For some things it will. But for some things—tools coded as ‘research support’ or ‘point of care reference tools’ or more generally, an information resource—it’s up to the library, just like we make the decisions about what journals we’re subscribed to. I gather that before I started, there used to be more in the way of meaningful consultation with people in other roles—but as our staffing has been axed, these sorts of outreach relationships have fallen to the wayside.
It would be great if that were a reasonable assumption. Every one I’ve evaluated so far has turned out to be some kind of ChatGPT with a medical-academic research bow on it. Some of them are restricted to a walled garden of trusted medical sources instead of having the internet.
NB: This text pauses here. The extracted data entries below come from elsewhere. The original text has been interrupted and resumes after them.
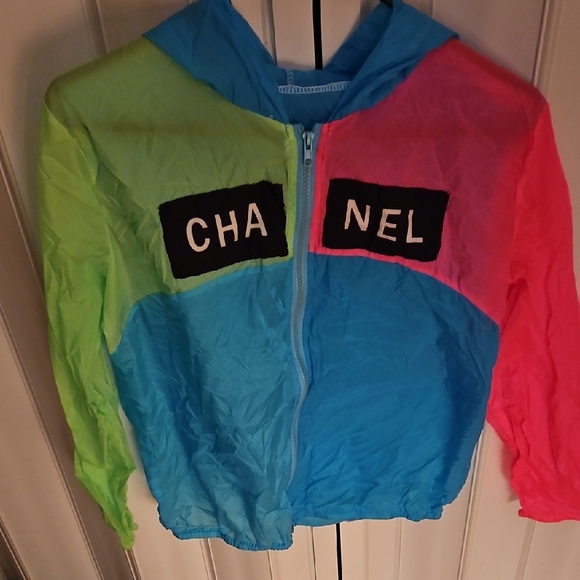 Vibrant hooded windbreaker jacket with a mix of blue, pink, and green colors. Features bold lettering on the front.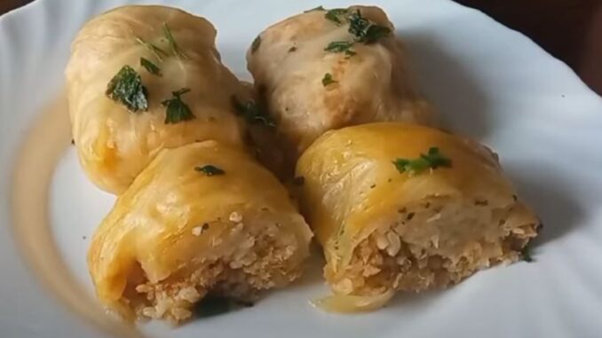 Na svaki list kupusa staviti 1–1,5 kašiku fila. Preklopiti bočne strane i čvrsto uviti. Ne prepunjavati, jer pirinač bubri tokom kuvanja.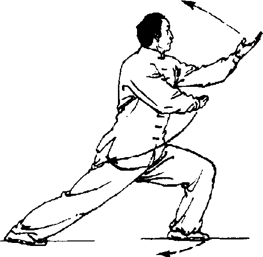 尖外展,左脚尖内扣,右腿屈弓, 左腿自然蹬直;右掌向上挑至体 前,成侧立掌,腕高与肩平,左臂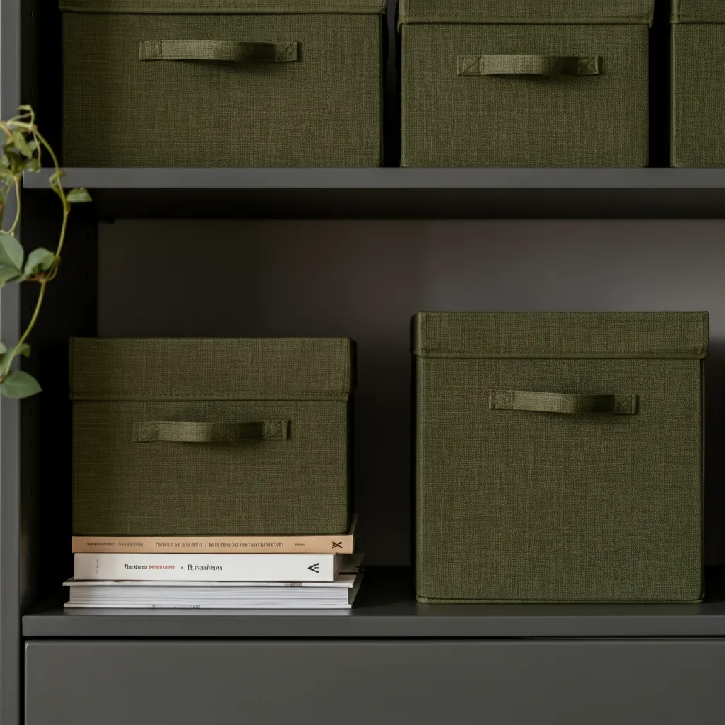 Use stylish olive green storage boxes to corral clutter on shelves or in your office. They are both functional and a lovely decor element.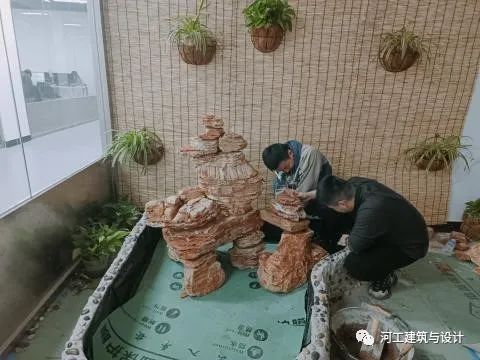 自上学期末以来,为了检验学生对知识的掌握程度,锻炼学生的动手实践能力,翟美珠老师组织学生开展了室内景观水池设计和施工的开放性实验。参与此次开放性实验建设的师生克服了疫情等多重考验,在翟老师的带领下,历经两个学期完成了室内景观水池的设计、水池的施工、假山施工、环境装饰等实验项目。从选址到设计构思,从施工材料的挑选、搬运到成型,学生们一步步强化自身的动手能力,真正做到了将理论知识与实践相结合。在实验过程中水池的砌筑、防水涂料的涂刷、给水池壁粘小石子、假山石的堆叠、灯具的安装与调适等,对于学生们而言这些无一不是“新领域”。在每一步的实验操作中翟老师都亲身示范,同学们也能够认真的学习。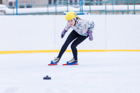 Slim teenage girl skating on the ice track on short treck training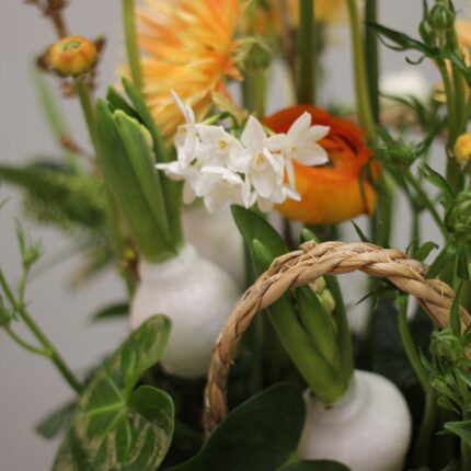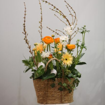 Яркая весенняя композиция в корзине в желто-оранжево-зеленой гамме. В составе: ранункулюс, гербера, нарцисс и луковицы гиацинта. С композицией вы получите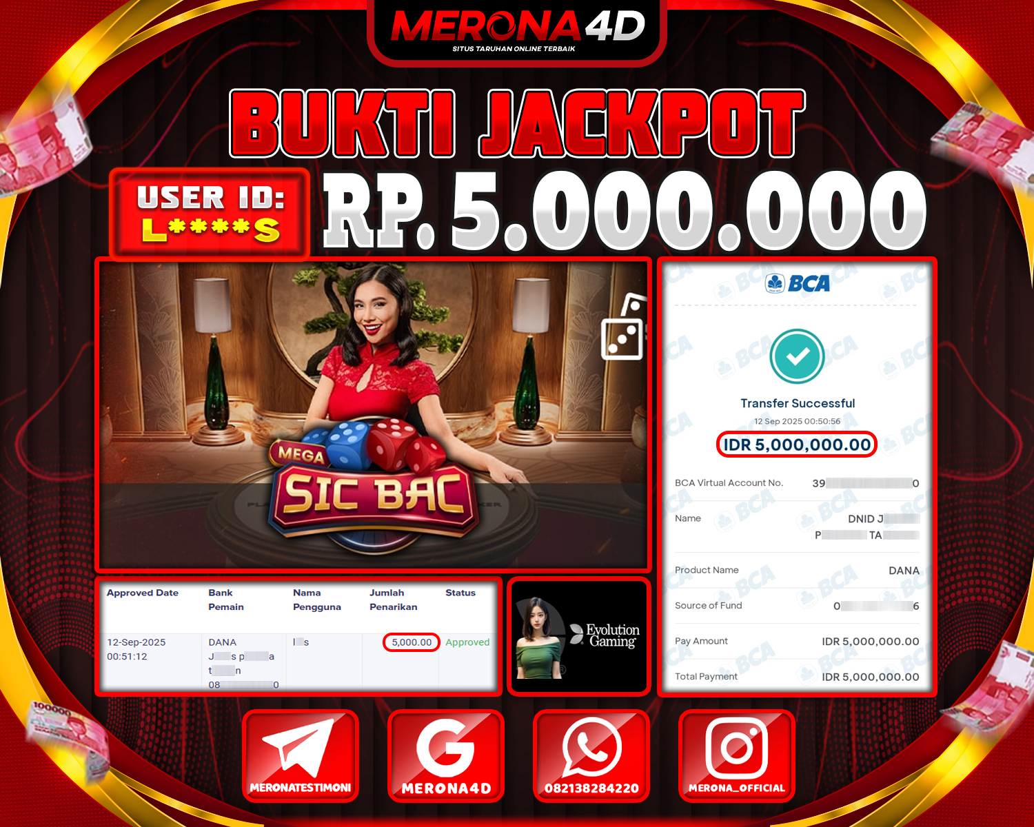 Selamat Kepada Member MERONA4D L****S Telah Jackpot Di SUPER SICBO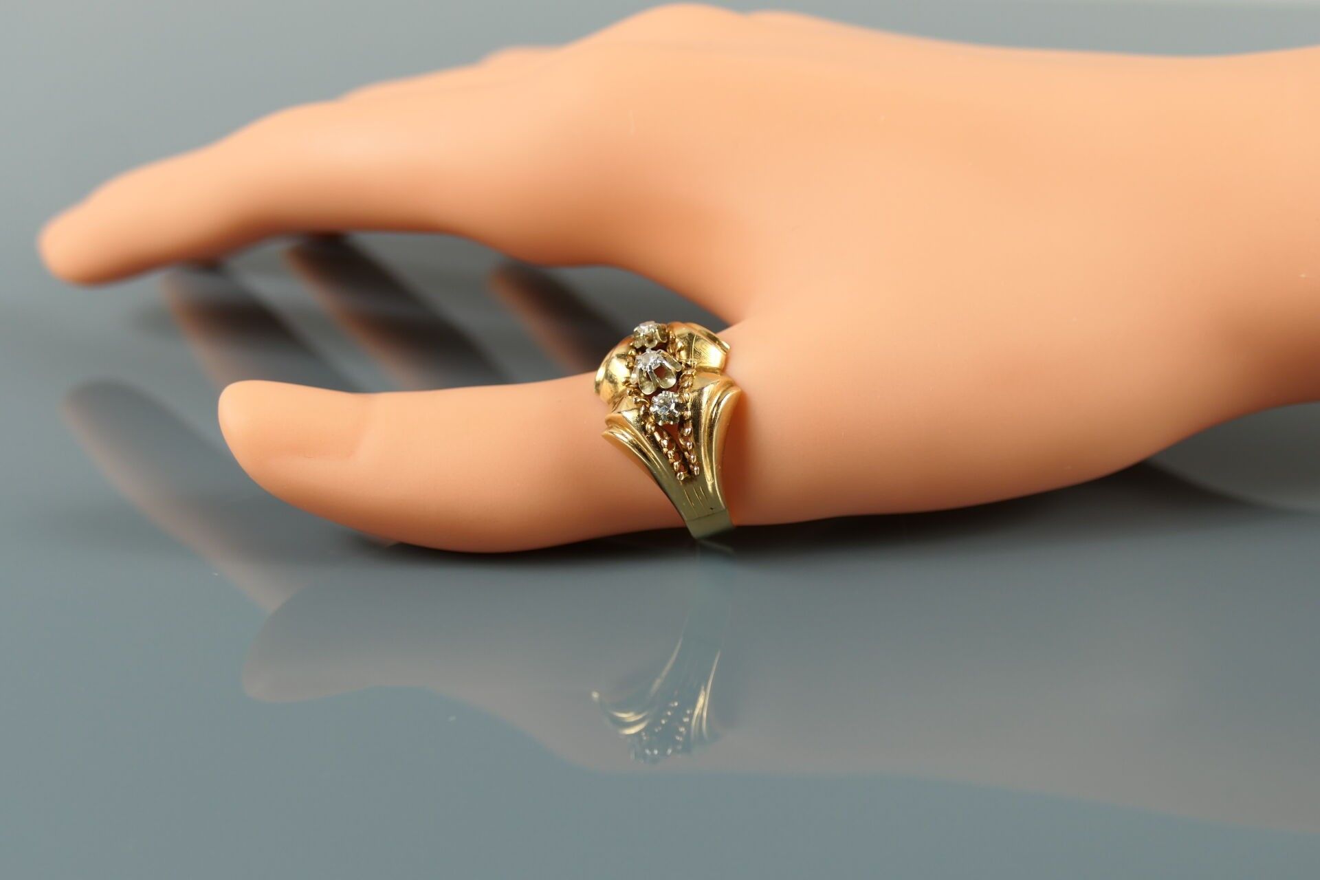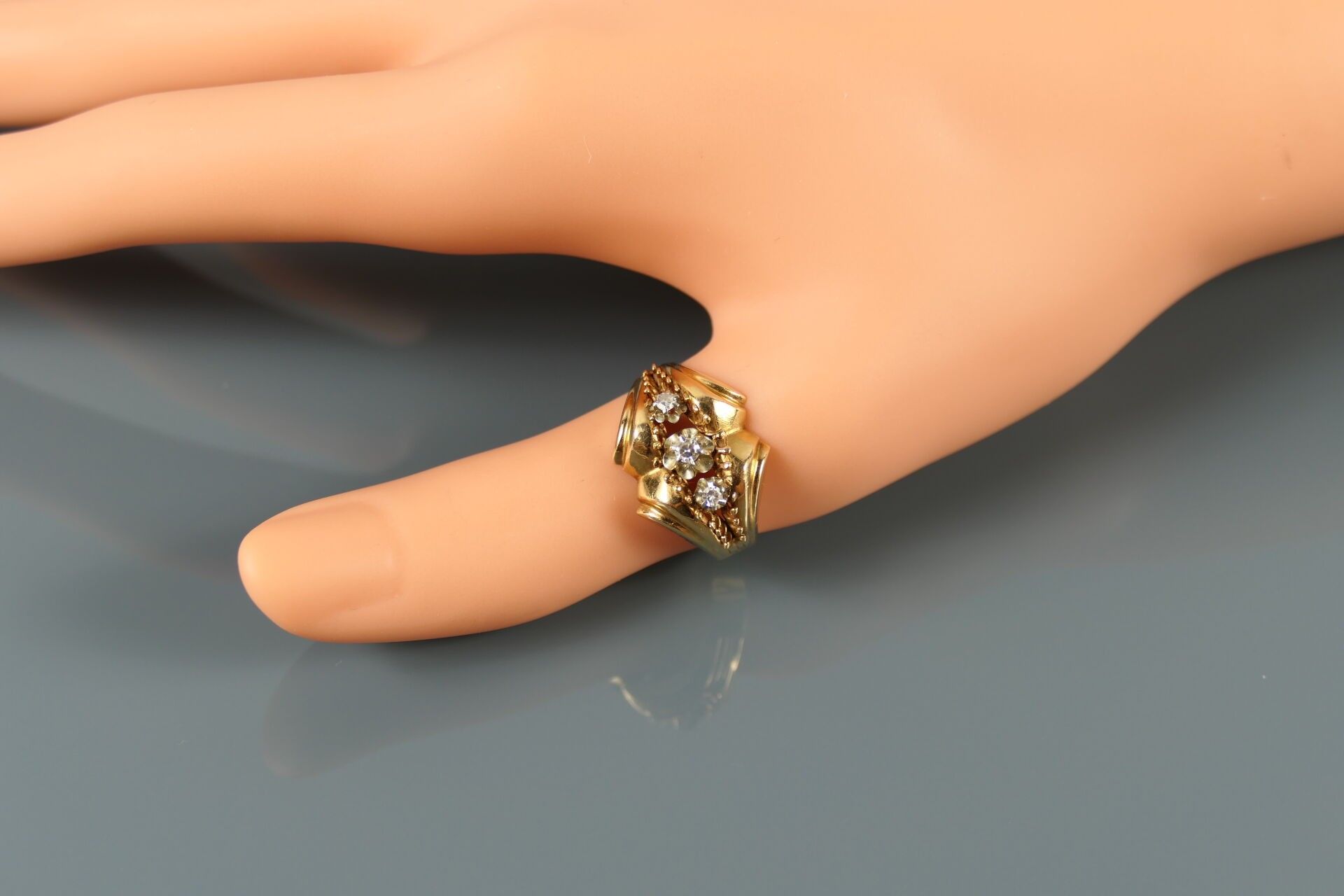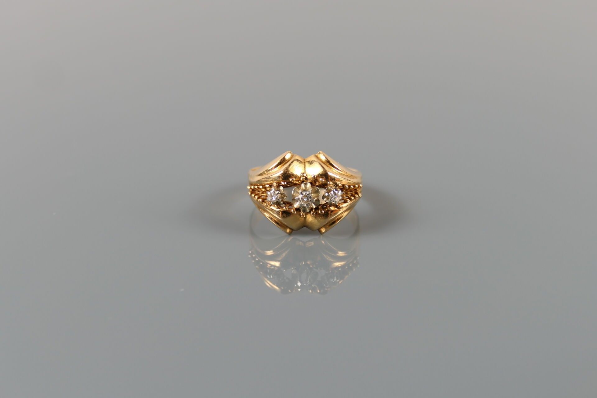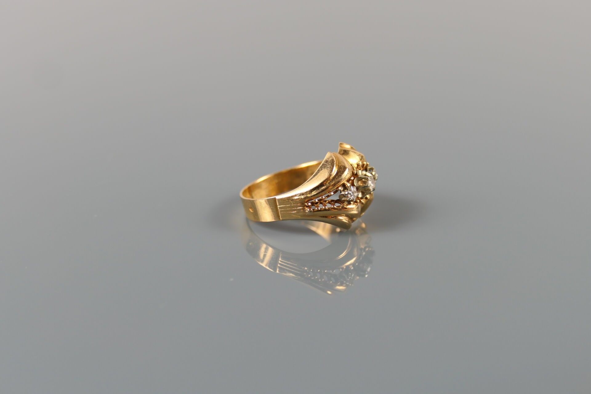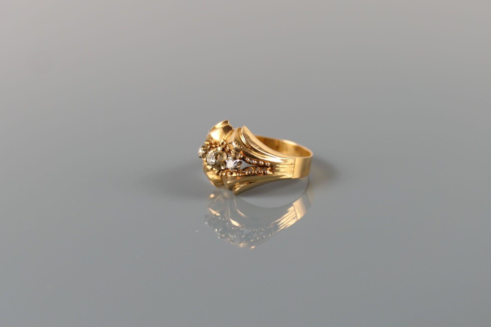 Ring in 750 thousandths yellow gold set with white stones.

Part of the message I think I oughta promote is that we should hold out for something specific. The issue is that when it comes to research, it really is up to people what they use—there’s no real oversight and there’s not regulations to stop them like if they were actually provably putting patient info in there. But they’re still going to be bringing what they “learn” into practice, as well as polluting the commons (since we know at this point that peer review doesn’t do much and it’s mostly peoples’ academic integrity keeping it all from falling apart).
Part of what these companies with their GPTs are trying to sell themselves as being able to replace is the exact sort of checks and balances that stops the whole medical research commons being nothing but bullshit—critical appraisal and evidence synthesis.
thats about what i thought yeah
Thank you for the phrases, they seem useful.